# Catts Farm - Newbury Road A339



## J_a_t_33 (Jun 20, 2010)

Spotted this driving past on our way to my sisters one evening and had to pop in for a look.







It's quite a sweet farm with a small bungalow by the gate and a decent size house at the otherend








































































The house































Swimming pool











A bit of a surprise, the old shed at the end was actually a sauna











Getting too dark to see anything at this point






Need to stop off at the plant pot before we go?






This clearly was a lie







Cheers


----------



## chelle (Jun 20, 2010)

*catts farm*

This place belonged to Alfie Cole,he moved there when he sold his riding school at Micheldever to Scats(i learnt to ride at his school).........i pass this place every time i go to visit all my folks in Basingstoke...... the Coles were a well known in family in Basingstoke 
http://www.newburytoday.co.uk/News/Article.aspx?articleID=7457 this will tell you a bit about Catts farm


----------



## drypulse (Jun 20, 2010)

i think i know this place, drove by it on the way to headley the other day and wondered why i never noticed it before! good to see this report, cheers


----------



## J_a_t_33 (Jun 20, 2010)

Cheers for that Chelle, that's pretty interesting. The girlfriend also found that interesting being a horsey girl.

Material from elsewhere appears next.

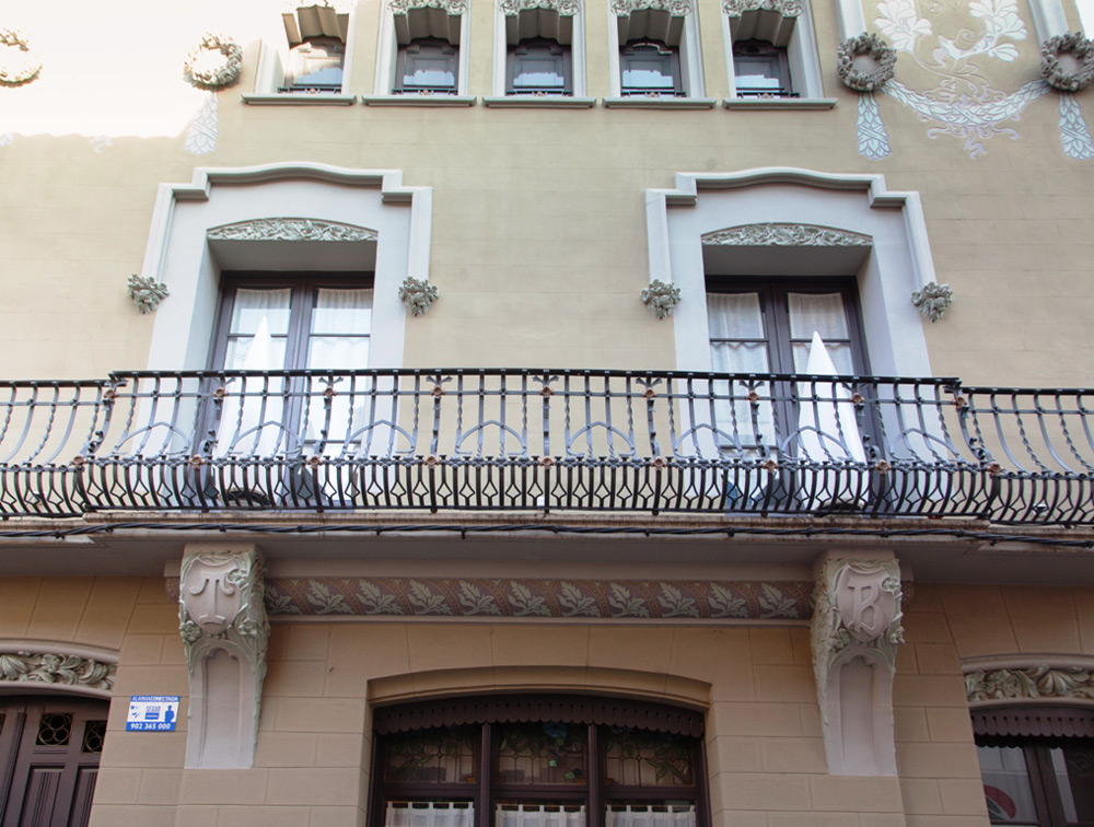 – Can Muixac (c/ Major, 19). El elemento modernista más interesante de esta vivienda es el gran ventanal de la planta noble, con dintel decorado con relieves, un guardapolvo muy trabajado y una barandilla abombada de hierro forjado. Particular.

You ever stopped and taken a gander?

Cheers Drypulse


----------



## chelle (Jun 21, 2010)

*catts farm*

I have never stopped & looked but may well do next time Stu & i go down to Basingstoke..........The Coles used to live in & around Basingstoke with Tommy living at Pyotts Hill Old Basing......he had 2 lovely black horses that were used to do funerals...............Alfie was a great character...he's worth finding some history on.............he even drove a pony & trap to Downing st as a protest.............If you know Basingstoke at all where Milestones,Spruce Goose etc is Alfie way way back owned a caravan site there.......


----------



## babes2010 (Jun 21, 2010)

I remember that place, got taken short one day and took a quick leak by the bungalow at the entrance to the site


----------



## J_a_t_33 (Jun 24, 2010)

Lol nice one!


----------



## hydealfred (Jun 28, 2010)

I have driven by this place many times. Never realised so much was still there.


----------